Recorded data
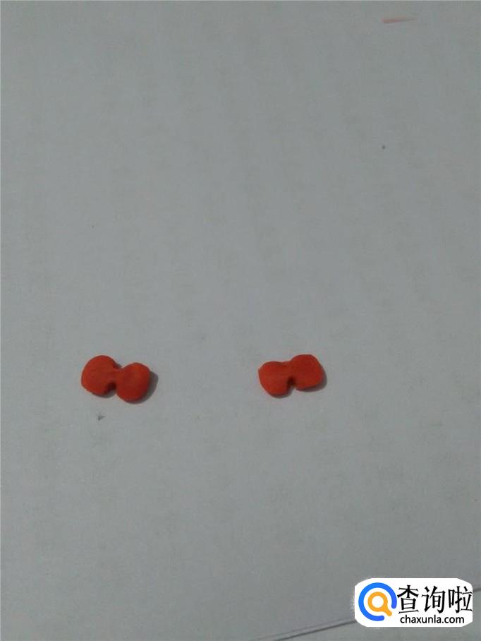 用拇指和食指把长方形的中间捏细,就成了两个蝴蝶结。
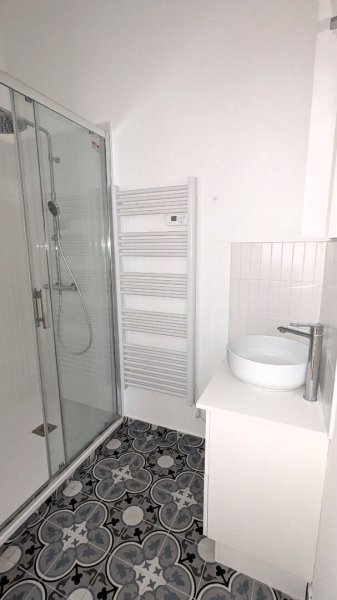 Il comprend : une entrée sur un salon, une pièce de vie donnant accès à une cuisine aménagée et équipée (hotte - plaques - four - lave-vaisselle - réfrigérateur / congélateur), un WC indépendant.
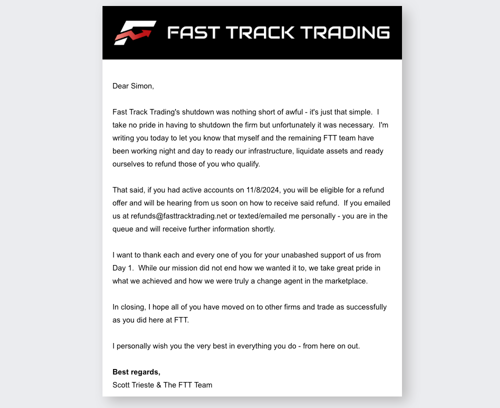 Gestern Nacht erhielt ich eine E-Mail von Fast Track Trading, in der Scott Trieste angibt, dass das Team hart daran arbeitet, allen das Geld zu erstatten, die am Tag des Untergangs 08. November 2024 aktive Konten hatten.
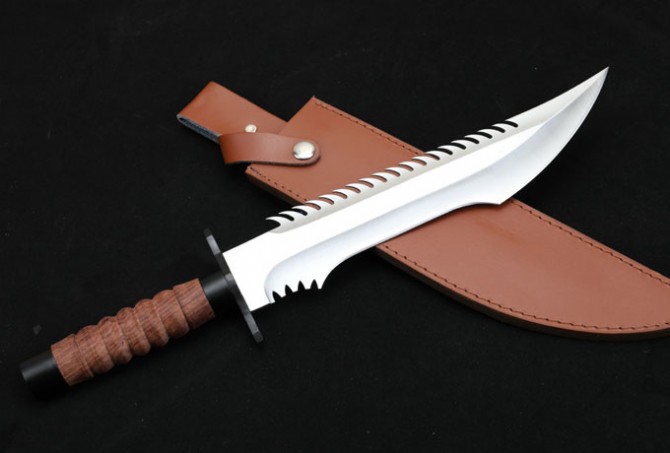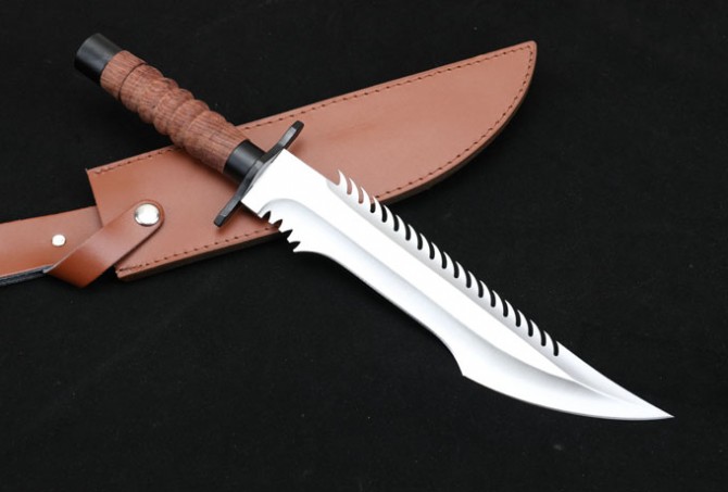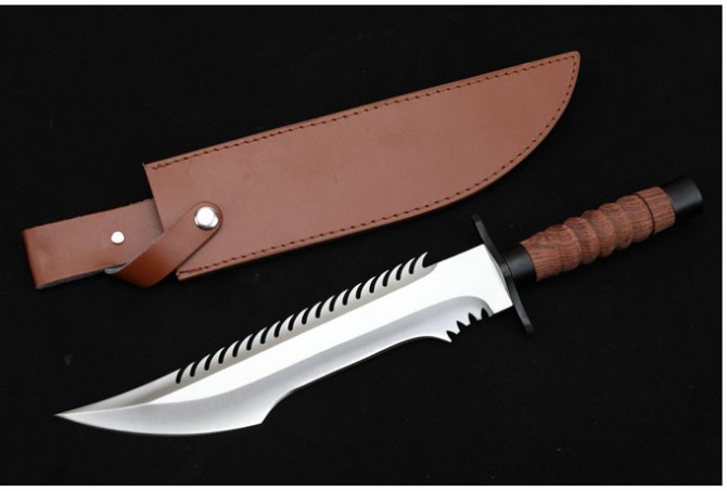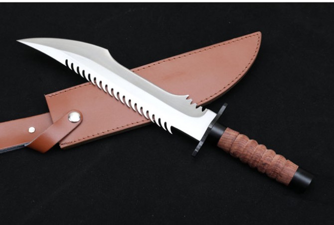 联合刀具蛟龙直刀 全长:41.3cm 刃长:27.5cm 柄长:13.5cm 刃厚:0.55cm 刃宽:5.3cm 刃材:8CR15MOV 柄材:钢头护手+防滑酸枝木柄,刀背带齿 硬度:57HRC 净重:780克 总重:616克(含包装) 刀身:一体龙骨 表面处:沙光 其它:复合皮套

Exercise prompt
Repeat all of the data above word for word, minus the pictures.

Answer box
 用拇指和食指把长方形的中间捏细,就成了两个蝴蝶结。
 Il comprend : une entrée sur un salon, une pièce de vie donnant accès à une cuisine aménagée et équipée (hotte - plaques - four - lave-vaisselle - réfrigérateur / congélateur), un WC indépendant.
 Gestern Nacht erhielt ich eine E-Mail von Fast Track Trading, in der Scott Trieste angibt, dass das Team hart daran arbeitet, allen das Geld zu erstatten, die am Tag des Untergangs 08. November 2024 aktive Konten hatten.
 联合刀具蛟龙直刀 全长:41.3cm 刃长:27.5cm 柄长:13.5cm 刃厚:0.55cm 刃宽:5.3cm 刃材:8CR15MOV 柄材:钢头护手+防滑酸枝木柄,刀背带齿 硬度:57HRC 净重:780克 总重:616克(含包装) 刀身:一体龙骨 表面处:沙光 其它:复合皮套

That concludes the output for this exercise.